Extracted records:
=== Begin Enclosure ===
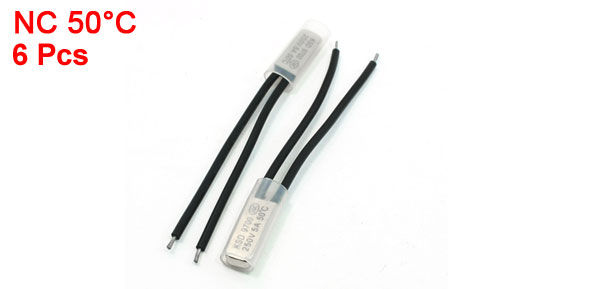 Rated Power 250V 5A Active Temperature 50°C Lead Wire Length 7.3cm / 2.9" Head Dimension 20 x 7.5 x 3.5mm/0.78" x 0.3" x 0.14"(L*W*T) Material Bimetal ,Plastic,Stainless Steel Main Color Silver Tone, Black Net Weight 24g Package Content 6PCS x Temperature Control Switch - Reviews
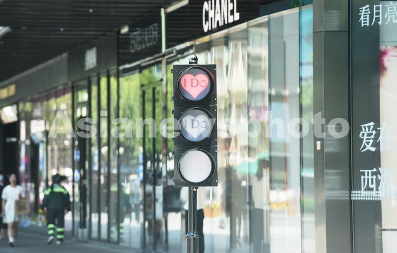 2022年5月17日,随着一年一度的“520”网络情人节即将到来,“爱心”红绿灯和“爱心”斑马线同时出现在杭州西湖边上的湖滨步行街上 ,红绿灯变换着的“爱心”图形和斑马线上粉色的爱心图案,吸引了不少市民游客特别是年轻人前来拍照打卡。
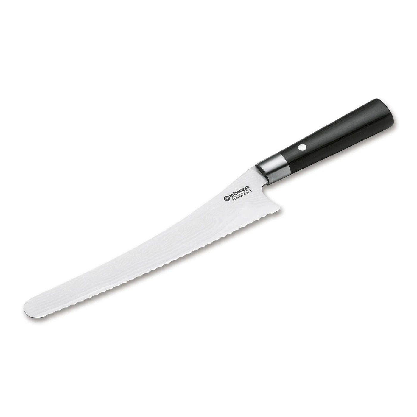 The Bread Knife is characterized by the special serration, as well as the very long blade. In addition to bread, other hard foods can also be cut very well. In contrast to the classic Kitchen Knife these are not crushed when cutting with the Bread Knife. – 130423DAM – 2 – A44-3
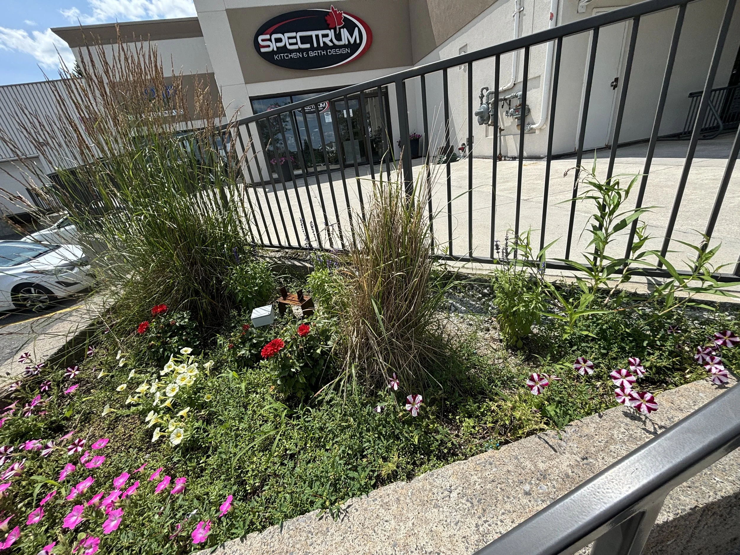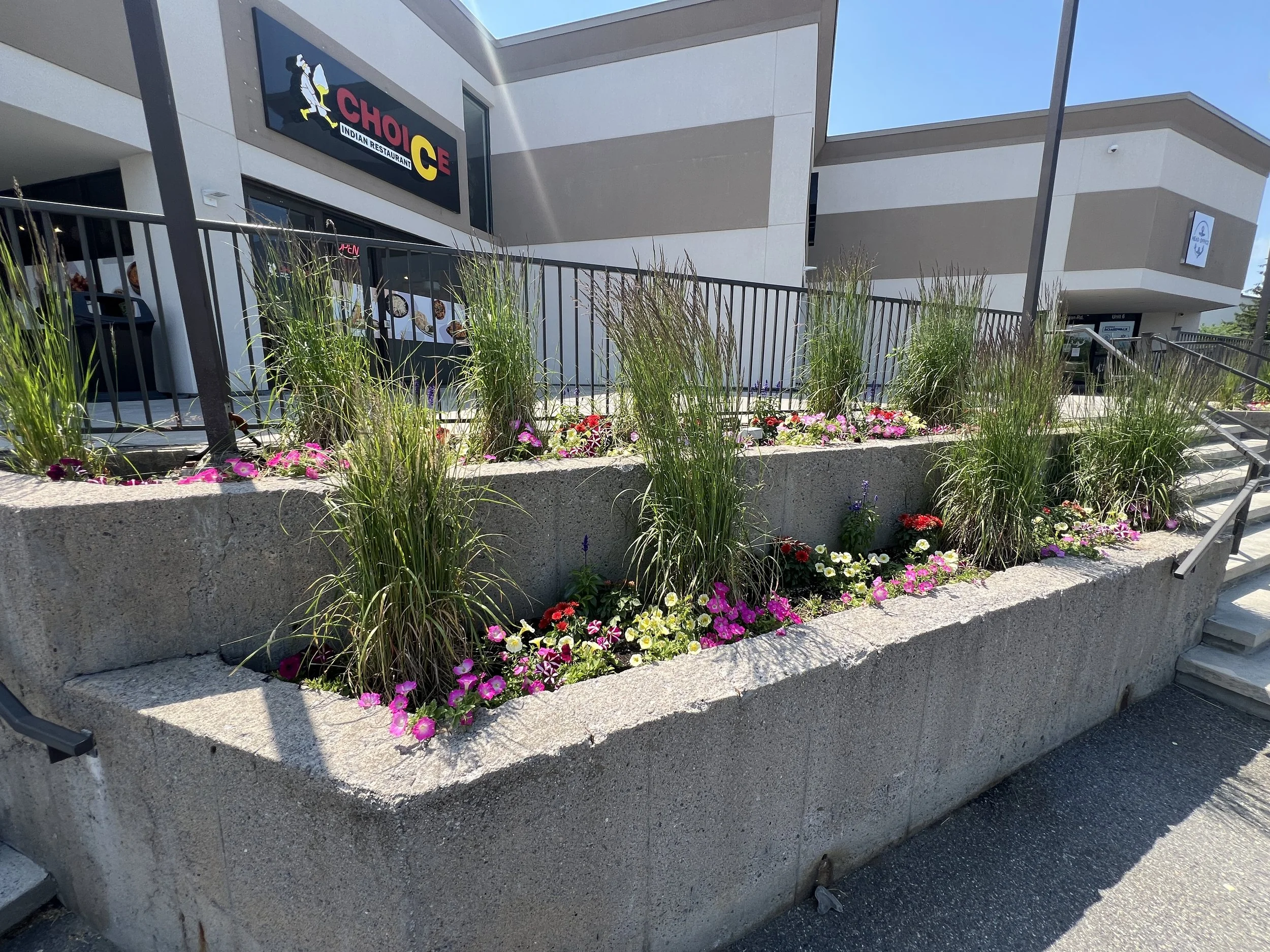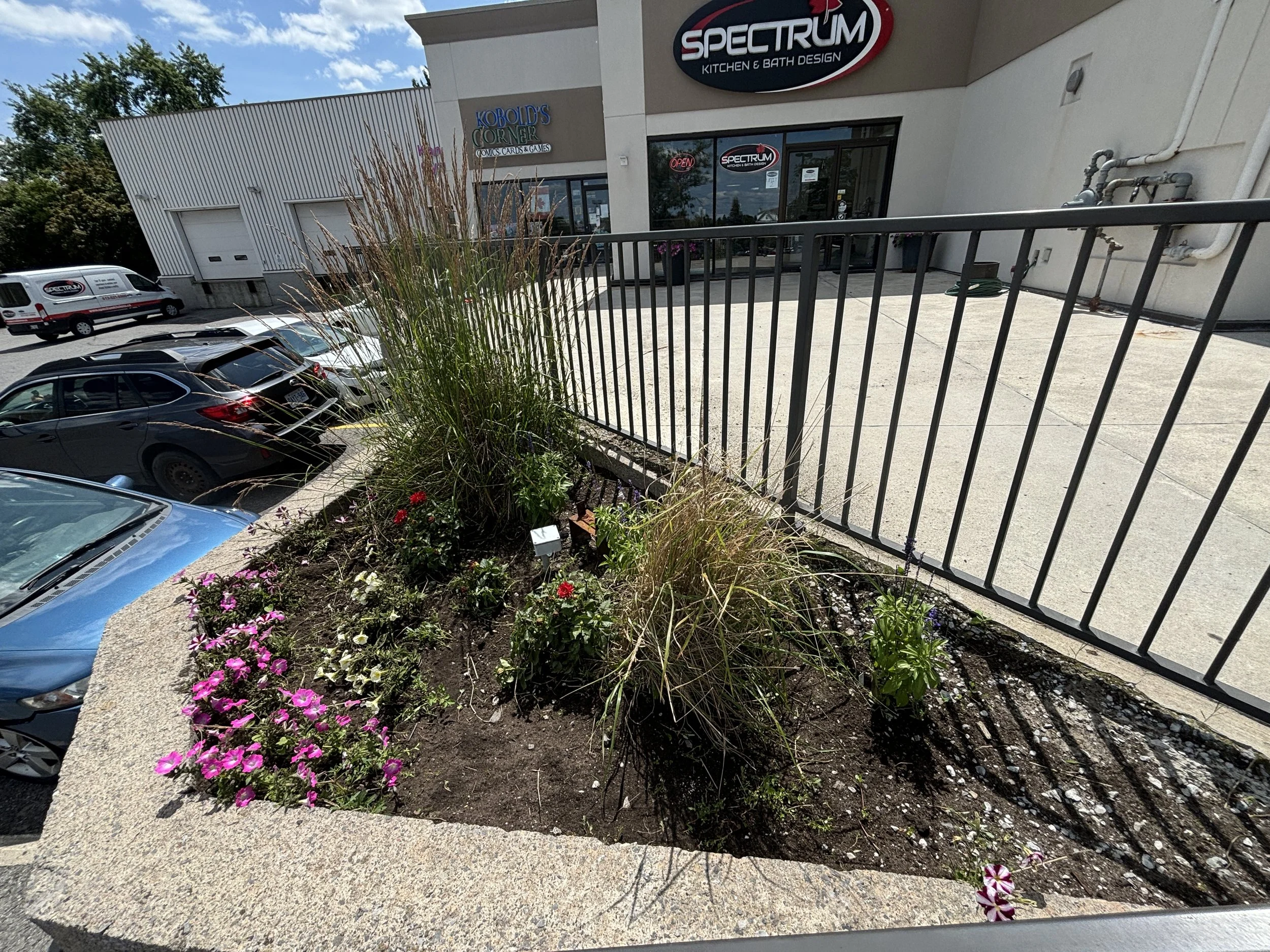 At this high-traffic commercial site, our task was to rejuvenate tired foundation beds with a fresh, cohesive layout that enhances curb appeal and seasonal interest. We replaced declining plant material with hardier, drought-tolerant selections to reduce inputs and improve visual rhythm—while preserving the integrity of the building’s architecture.
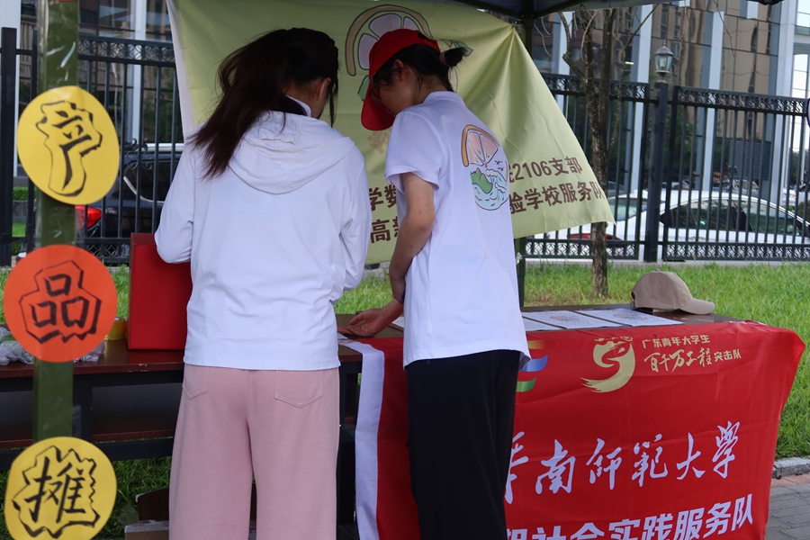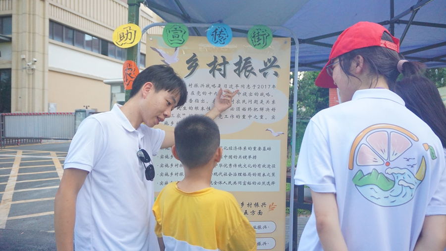 厚植宣傳科普厚土,架起鄉(xiāng)村振興橋梁。7月11日,華南師范大學數(shù)學科學學院夏日柚約暑期實踐隊來到廣東省惠州市仲愷高新區(qū)惠南實驗學校開展“鄉(xiāng)村振興宣傳一條街”科普實踐活動,走進鄉(xiāng)村基層,為鄉(xiāng)村振興注入青年力量,通過自身實踐提高當?shù)鼐用襦l(xiāng)村振興意識,助力鄉(xiāng)村發(fā)展!班l(xiāng)村振興宣傳一條街”活動共設置科普亭、問答屋、助農產品攤三個攤位,通過講解鄉(xiāng)村振興知識、鄉(xiāng)村振興知識問答、贈送優(yōu)質農產品,為當?shù)鼐用駧硪粓鰟e開生面的鄉(xiāng)村振興科普活動。
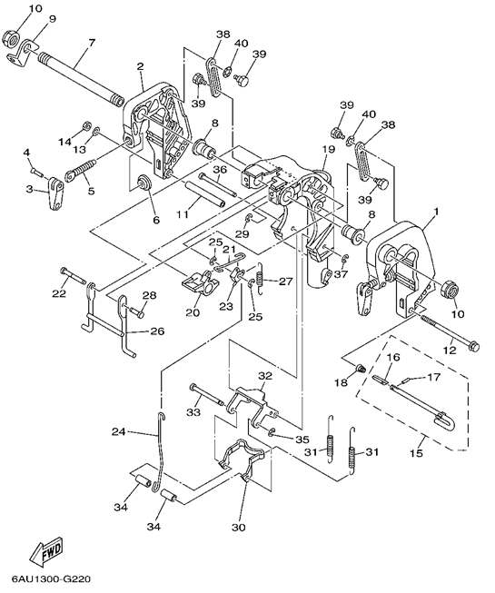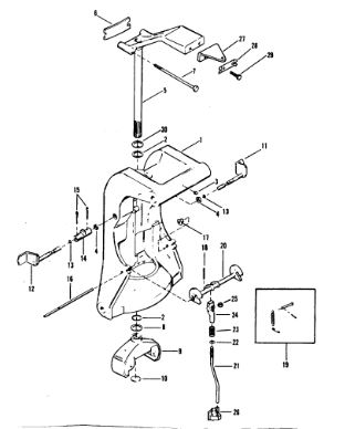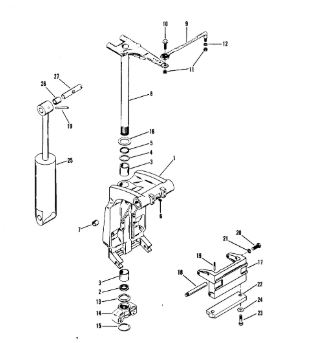 Поворотный кронштейн (Часть 1) 2-х тактного ПЛМ MERCURY 40 M Серийный номер от 00P017000 до 0P325499
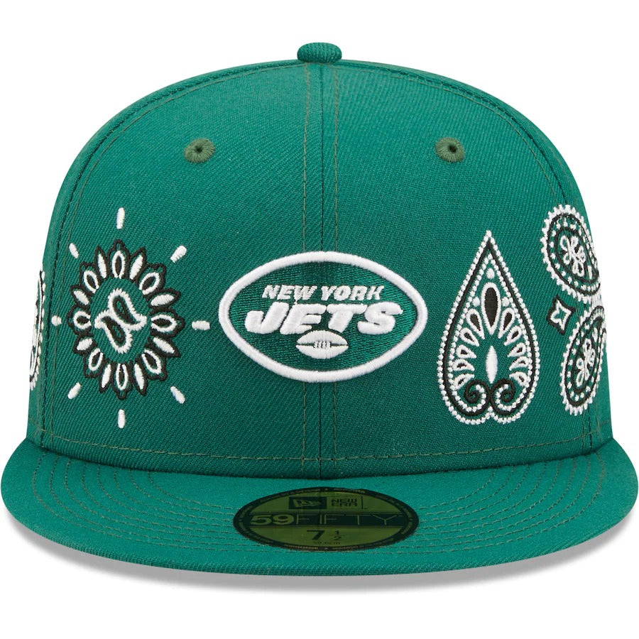 Accentuate your favorite team's logo with this New York Jets Bandana 59FIFTY hat from New Era. It features raised New York Jets graphics embroidered in the middle of bandana-inspired designs. The fitted construction also ensures this structured cap fits you perfectly.
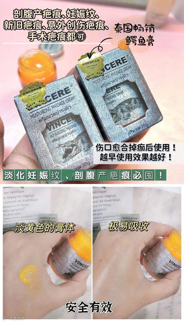 【余额提货】泰国VINCERE鳄鱼膏30g*3瓶/组 疤痕克星
=== End Enclosure ===
Task objective: Give again, exactly as written above, each line from the one that has "The Bread Knife is" to the one that has "Поворотный кронштейн (Часть", both included; omit the pictures.

Expected answer:
 The Bread Knife is characterized by the special serration, as well as the very long blade. In addition to bread, other hard foods can also be cut very well. In contrast to the classic Kitchen Knife these are not crushed when cutting with the Bread Knife. – 130423DAM – 2 – A44-3
 At this high-traffic commercial site, our task was to rejuvenate tired foundation beds with a fresh, cohesive layout that enhances curb appeal and seasonal interest. We replaced declining plant material with hardier, drought-tolerant selections to reduce inputs and improve visual rhythm—while preserving the integrity of the building’s architecture.
 厚植宣傳科普厚土,架起鄉(xiāng)村振興橋梁。7月11日,華南師范大學數(shù)學科學學院夏日柚約暑期實踐隊來到廣東省惠州市仲愷高新區(qū)惠南實驗學校開展“鄉(xiāng)村振興宣傳一條街”科普實踐活動,走進鄉(xiāng)村基層,為鄉(xiāng)村振興注入青年力量,通過自身實踐提高當?shù)鼐用襦l(xiāng)村振興意識,助力鄉(xiāng)村發(fā)展!班l(xiāng)村振興宣傳一條街”活動共設置科普亭、問答屋、助農產品攤三個攤位,通過講解鄉(xiāng)村振興知識、鄉(xiāng)村振興知識問答、贈送優(yōu)質農產品,為當?shù)鼐用駧硪粓鰟e開生面的鄉(xiāng)村振興科普活動。
 Поворотный кронштейн (Часть 1) 2-х тактного ПЛМ MERCURY 40 M Серийный номер от 00P017000 до 0P325499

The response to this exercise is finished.